Number of laboratory-confirmed incident cases of illness caused by enteric pathogens and toxins (Campylobacter, E. coli O157, Shiga toxin-producing E.coli non-O157, Listeria, and Salmonella)

Current Value

1,397

2019

Definition

Story Behind the Curve

Each year roughly 1 in 6 Americans (or 48 million people) get sick, 128,000 are hospitalized, and 3,000 die of foodborne diseases. Connecticut has been tracking trends for infections commonly transmitted through food since 1996 by focusing resources to better estimate the number of foodborne illnesses, monitor trends in incidence of specific foodborne illnesses over time, attribute illnesses to specific foods and settings, and disseminate this information.

The overall number of cases has increased, due in large part to recent increases in Camplyobacter cases. Overall the 2015 rate of 35 cases per 100,000 population of Campylobacter, E.coli O157, E. coli non-O157 STEC, Listeria and Salmonella infections decreased compared to 2012-2014.

Partners

Connecticut Department of Public Health; Connecticut Department of Energy and Environmental Protection; State Department of Education; Connecticut Department of Agriculture; Connecticut Department of Consumer Protection; local public health agencies; infectious disease specialists; primary care providers; hospitals; food and restaurant industry; professional associations; food training providers; schools of agriculture and public health; organizations and coalitions focused on food, agriculture, and the environment; community service providers that focus on food security for at-risk populations; and others

What Works

Accurate estimates of foodborne illness serve as a foundation for action by DPH, the Centers for Disease Control, regulatory agencies, industry and others interested in improving food safety. They help us answer several important questions: 1. How many foodborne illnesses occur? (Burden of foodborne illness); 2. Are they increasing or decreasing? (Trends in foodborne illness); and 3. Which foods are responsible for foodborne illnesses? (Attribution of foodborne illness).

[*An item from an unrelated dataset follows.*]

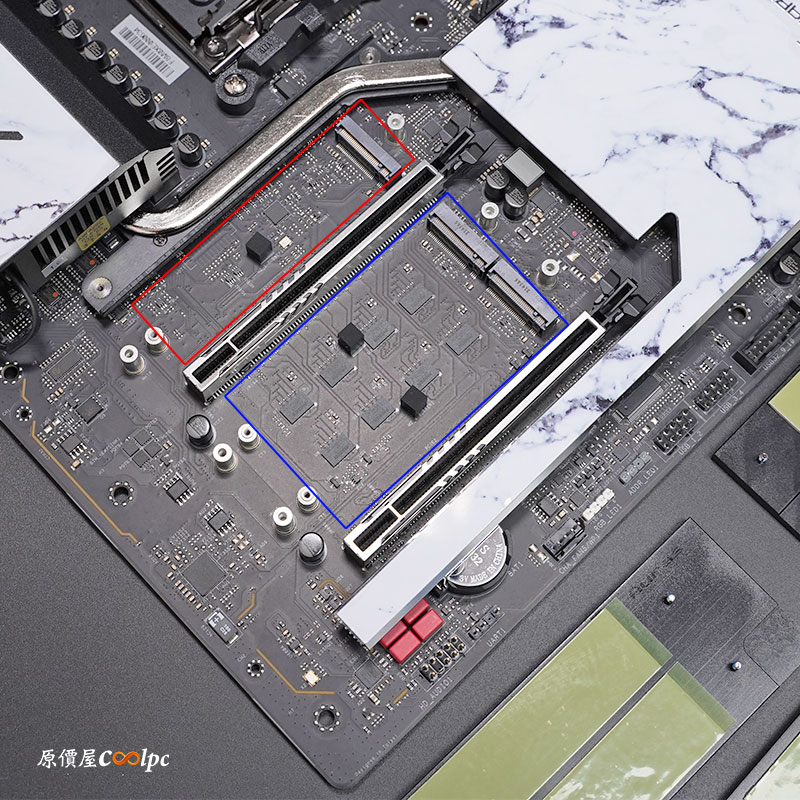 2個PCIe 5.0 x 16介面,皆採用強化裝甲設計,SMT表面黏著技術相較傳統的DIP針腳焊接方式,改善了訊號穩定性,並支援x16或x8/x8模式。

Foodborne illness and infection can be controlled by safe food handling and preparation including routine and thorough hand washing and reporting suspect foodborne illness and outbreaks by consumers and health care professionals. For more information on foodborne illness see: http://www.cdc.gov/foodsafety/facts.html

Strategy

Expand Connecticut Qualified Food Operator (QFO) mandate to include all relevant employee groups in licensed food service establishments.

Update food code/regulations and assure regulatory compliance within the food industry.

Use standard risk-based protocols for FSE inspections and code enforcement across local jurisdictions.

Educate consumers on food safety practices for home and work environments and how to report suspected foodborne illness.

Educate providers and consumers on importance of evaluating and reporting suspected foodborne illness.

Disseminate and enhance guidance and protocols for food protection during extreme events, natural and other disasters.

Ensure appropriate training of food service employees.

Promote engagement of food service establishments (FSE) and food service workers in food safety education programs and application of food safety principles in practice.

Enhance institutional education on food safety practices and compliance with food code/regulations (day care, schools, residential programs, correctional facilities, long term care facilities, facilities serving older adults and immune-compromised populations).

Provide culturally congruent education on food safety for ethnic consumer groups and ethnic food service establishments.

Enhance inspector/sanitarian and industry training, and focus on risk-based inspections through training and field monitoring.

Promote utilization of Connecticut Food Core Program by local health departments with limited foodborne disease follow up capacity.

Ensure follow-up interviews for Campylobacter infections by state or local public health personnel.

Ensure that appropriate laboratory infrastructure and systems are in place for more rapid and timely identification and characterization of pathogens.